Thursday, June 6, 2013


I don't want to be **that person**  .... the one who engages trolls but frankly, this post is more about who I am.  In a sideways fashion, it is responding to the comment I posted yesterday which appeared under my post in February about those women in India.

Yes, apparently this entire week is going to have a running theme.  Tied together, this represents my quasi-knowledge of science and the research process, advocating for others whose medical care might need a little boost by encouraging them to be more engaged patients and mostly, activism.  To steal my friend Jody's term:  ANCHORED activism.

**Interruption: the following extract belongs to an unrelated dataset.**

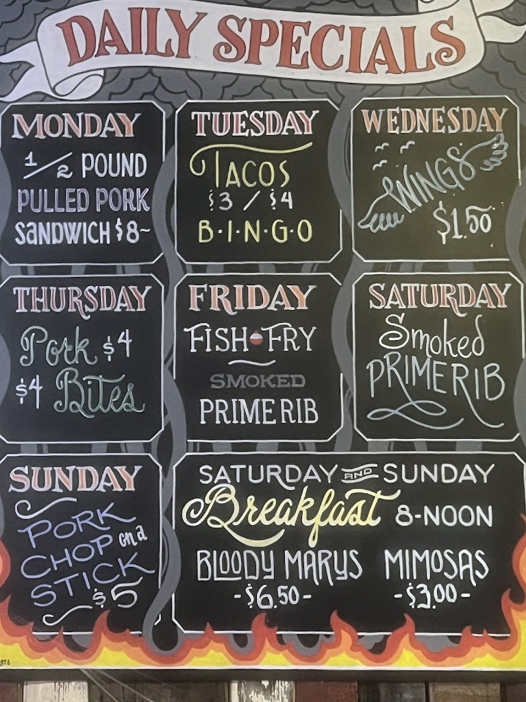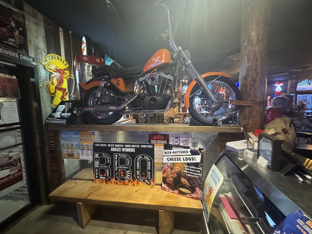 The food and drinks are delicious 😋 I had my spotted cow I had chicken last night,there macaroni and cheese is so good 👍 creamy macaroni and cheese with amazing flavor. Our friends had ribs,I had chicken and my husband had a quarter chicken, mine was shredded, there bbq sauces are delicious as well. They just have lots of good flavor, hard to describe. It was loud inside with the meat raffle going on,was hard to hear our friends talking. We have eaten here for the 3rd time, we getting something new each time. Bands were playing here as well. We were there for a few hours.

And yes, I take offense with being referred to as an arm-chair activist.  By someone who chooses to remain anonymous in a rather obnoxious comment that doesn't address even one of the concerns I brought forward about the cervical cancer studies in India.  Why should I care about the thoughts of one person who: A-is a coward who won't identify him/herself and more importantly, B-missed the entire point?  Because.  Just because.

My posts about this study are not about the care of the women in other countries, in this case, specifically India.  There is plenty wrong with the treatment of women in many places on the globe.  I support those who are in a position to do more than I am able to do.  Physically.  I have friends on other continents working to see that gender disparities and the disparities that exist because of socio-economic issues are brought to light so that we can narrow and ultimate eliminate the gap.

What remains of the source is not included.